The problem is an interesting one because there are many ways to think about how to measure the economic effect of Chinese tourists and it would not be easy for anyone to produce a definitive account. This paper argues for a net US dollar gain of nearly $50 million a month from Chinese tourism after allowing for the "crowding out" effect of reducing US and Japanese tourist arrivals, partly because it appears to increase tourism from Hong Kong, but the data are too old and limited to be useful (2009 data). I'd be curious to see a more recent in-depth model. I suppose nearly $600 million annually is technically "boosting" the economy. This 2014 paper views Chinese tourism from another POV -- its economic effect on the environment:
When forecasting the estimated growth of Chinese visitors in Taiwan to 2016, an additional 0.8% increase in economic output is expected at the expense of a 2.7% increase in CO2 emissions and a 3.0% increase in water use.
Another paper from 2013...
It is concluded that by 2011, the economic spillover effects for the retail sector and accommodations services sector were US$773.49 million and US$438.43 million, respectively. The total spillover effects of US$7617 million accounted for 0.183% of Taiwan's GDP
I don't think there is any question we're getting a "boost" from Chinese tourism, if only because the word "boost" has no real meaning, though none of the models attempt to measure the costs, except the one that looks at the environment. I also don't think there's any question that it is not a boost we want: Chinese tourism produces nothing that raises long-term living standards in Taiwan. This pointless flow of revenues (profits go largely to a few Hong Kong tourism firms) might even be tolerable, if it were not part of a strategy to annex Taiwan to China.

Sui writes, referring to the Sunflower Protesters (her reporting on them was excellent, example) and their demand for a bill to provide oversight of cross-strait agreements:
They might just succeed. The activists enjoyed nearly 50% public support for their demands for greater scrutiny of government deals with China, according to a government survey, partly because - unlike Hong Kong - they did not disrupt traffic.

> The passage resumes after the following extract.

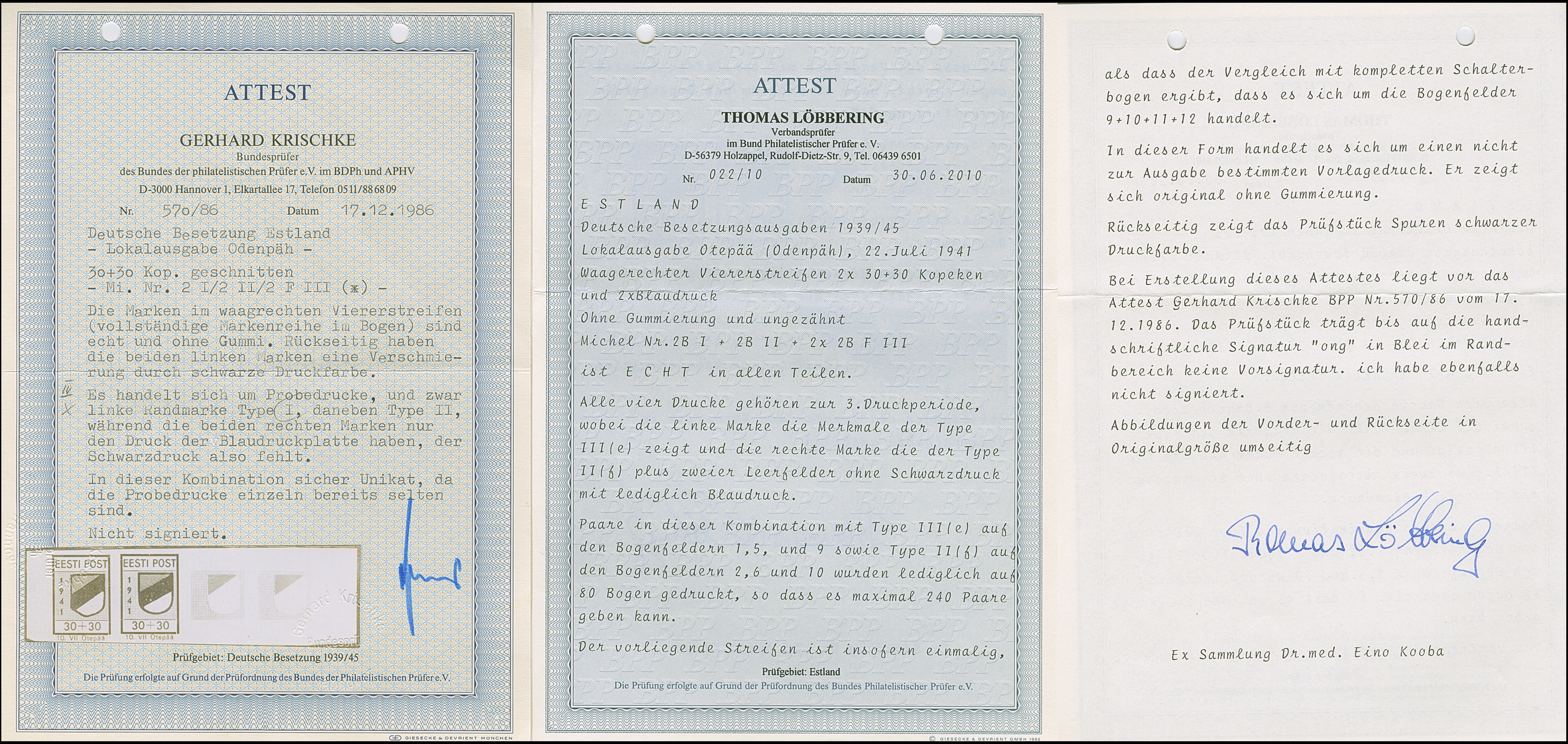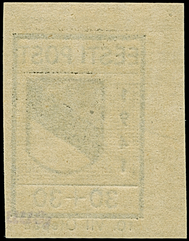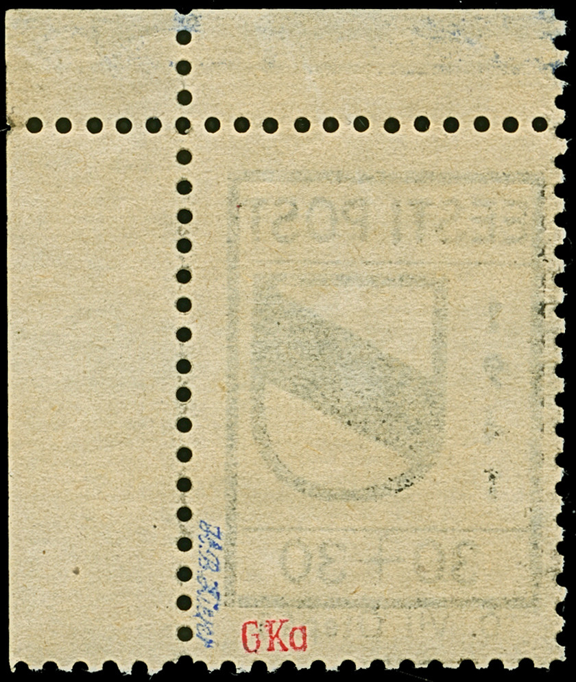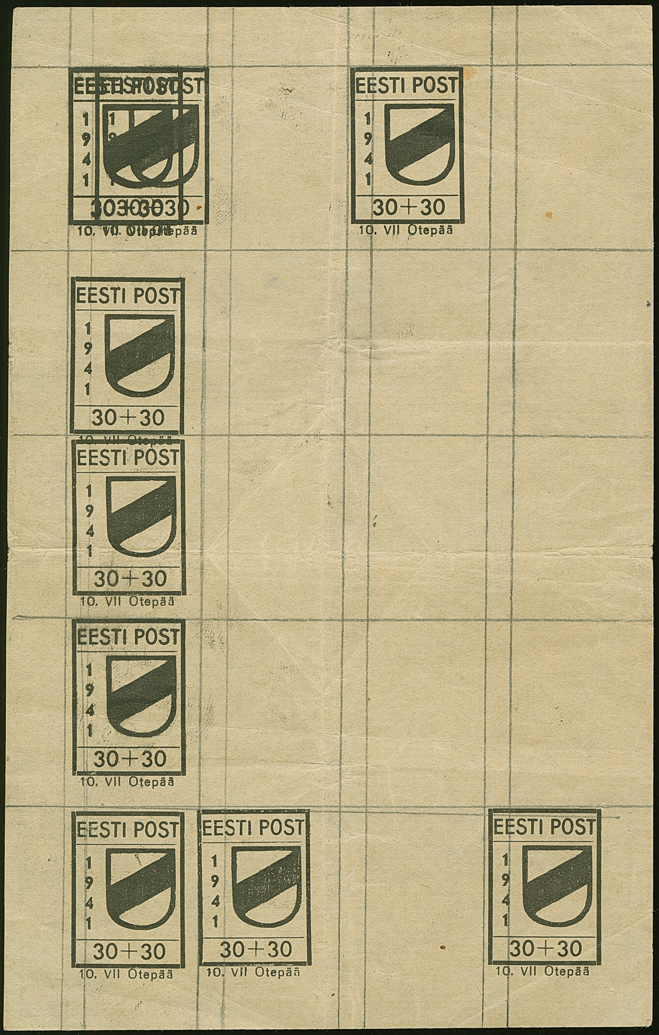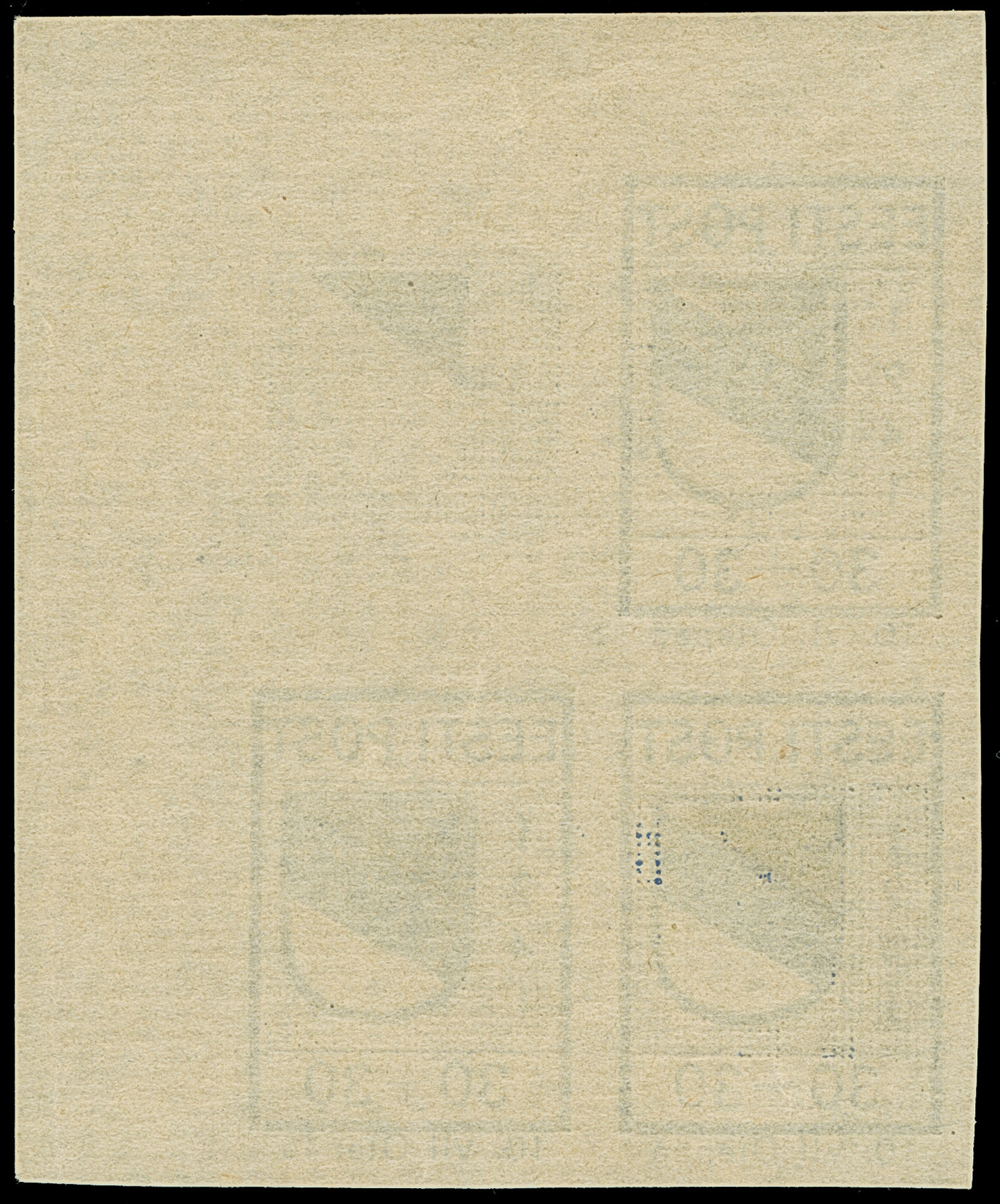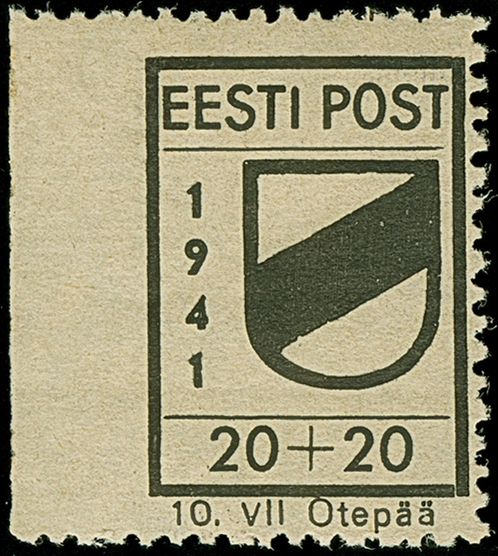1941, Wappenschild 20 und 30 Kopeken im waagerechten Paar, ohne Gummi, die 20 Kopeken aus der 2. Druckperiode, Feld 1, die 30 Kopeken aus der 3. Druckperiode, Feld 2. Es gab insgesamt 7 Schalterbogen mit dieser Kombination, welche ungezähnt und ungummiert blieben. Die Mehrheit dieser Paare wurde später mit der nicht amtlichen Hinno-Zähnung L 11½ nachgezähnt, sodass das vorliegende Paar zu den größten Seltenheiten der Estlandphilatelie überhaupt gezählt werden darf; sign. Eichenthal und Fotoatteste Krischke BPP (1986) bzw. Löbbering BPP (2010)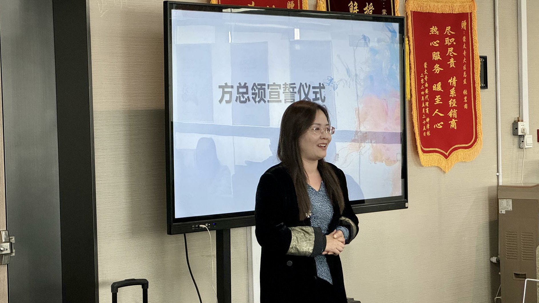 随后,蒙太奇联合创始人、艺术涂料最美老板娘吕芳方女士发表致辞,引领全体员工针对2025年蒙太奇奋斗目标进行宣誓。

Actually, "nearly 50% support" seems wrong. Rather, it was strong majority support. For example, Ben writes on a pro-KMT TVBS poll that has 65% supporting passage of a bill to oversee agreements with China, including a plurality against the trade pact. Another TVBS poll showed over 60% wanted the services pact withdrawn, numbers similar to those in this Businessweek poll. That the government has not attempted to ram the bill through again clearly indicates its deep unpopularity, both with the public at large and within the KMT. The students had broad public support because the service pact was a crapshit agreement that was bad for Taiwan and rejected by the public. If only someone in the media would clearly say that....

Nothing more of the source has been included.